DBRS Confirms Ratings of Union Gas Limited, Stable Trends
Utilities & Independent PowerDBRS Limited (DBRS) confirmed the Issuer Rating and Unsecured Debentures/Medium-Term Note Debentures rating of Union Gas Limited (Union or the Company) at “A,” the Company’s Commercial Paper rating at R-1 (low) and its Cumulative Redeemable Preferred Shares rating at Pfd-2. All trends are Stable. The rating confirmations largely reflect Union’s relatively low-risk gas distribution business, which operates under a supportive regulatory framework in an economically stable service territory with a large and growing customer base.
DBRS rates Union on a stand-alone basis and does not assume any credit support from its ultimate parent, Enbridge Inc. (Enbridge; rated BBB (high), Stable by DBRS). On November 2, 2017, Union and Enbridge Gas Distribution Inc. (EGD; rated “A,” Stable by DBRS) filed a Mergers, Acquisitions, Amalgamation and Divestitures application with the Ontario Energy Board (OEB) to amalgamate. Enbridge expects the regulatory review to take the better part of 2018. Enbridge will seek approval from its Board of Directors to proceed with the amalgamation based on an assessment of the final regulatory approvals from the OEB, which is anticipated to take place in Q3 2018. Should the amalgamation not proceed, Union will file a new five-year incentive regulation (IR) framework application for 2019, and beyond. DBRS will continue to monitor the progress of the application as more information becomes available.
DBRS’s assessment of the Company’s business risk considers the supportive cost-of-service-based regulatory framework in Ontario, which provides a vast majority of Union’s earnings.
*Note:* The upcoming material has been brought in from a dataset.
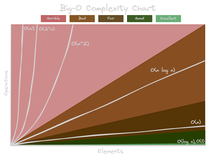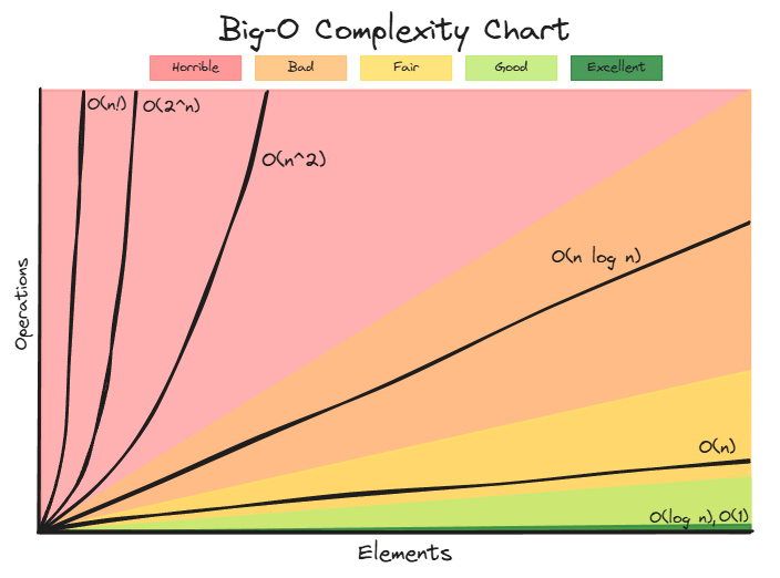 The graph makes the differences vivid. O(1) and O(log n) are practically flat compared to the explosive growth of O(n2) and beyond. This is exactly why choosing the right algorithm matters so much.

The Company has operated under an IR framework from 2014 to 2018, which allowed for a return on equity of 8.93% and provided predictable cash flows. Natural gas supply costs are passed through to customers, mitigating commodity price risk, with annual rate escalation indexed at 40% of inflation. Major capital expenditures (capex) are pre-approved by the OEB for inclusion in rates as projects are completed and placed in service. DBRS notes that, although the Company’s regulated distribution and storage business accounts for the bulk of Union’s earnings, earnings generated from its unregulated storage business (approximately 12% of EBITDA in 2017) could expose the Company to some earnings volatility. DBRS views this segment as higher risk than the regulated distribution and storage business because of the impact of seasonality on storage demand and rates.
Union’s credit metrics have been pressured over the past few years because of high capex spending, primarily on transmission expansions. DBRS expects Union’s capital spending program to be relatively high at approximately $1.0 billion in 2017 ($751 million spent for the nine months ended September 30, 2017). As major projects (including the 2017 Dawn-Parkway Expansion and the Panhandle Reinforcement Project) were placed in service in the second half of 2017, capex for 2018 is expected to be lower. DBRS expects the incremental full-year cash flow from projects placed in service and the lower capex needs to result in a gradual improvement in credit metrics in 2018. In the medium term, the ratings could come under pressure should the Company fail to maintain its debt-to-capital ratio in line with the regulatory capital structure of 64% debt and 36% equity or should cash flow-to-debt remain below the “A” rating range on a sustained basis.
Notes:
All figures are in Canadian dollars unless otherwise noted.
The principal methodologies are Rating Companies in the Regulated Electric, Natural Gas and Water Utilities Industry (September 2017); DBRS Criteria: Preferred Share and Hybrid Security Criteria for Corporate Issuers (December 2017); and DBRS Criteria: Commercial Paper Liquidity Support for Non-Bank Issuers (March 2017), which can be found on dbrs.com under Methodologies.
The related regulatory disclosures pursuant to the National Instrument 25-101 Designated Rating Organizations are hereby incorporated by reference and can be found by clicking on the link under Related Documents or by contacting us at info@dbrs.com.
The rated entity or its related entities did participate in the rating process for this rating action. DBRS had access to the accounts and other relevant internal documents of the rated entity or its related entities in connection with this rating action.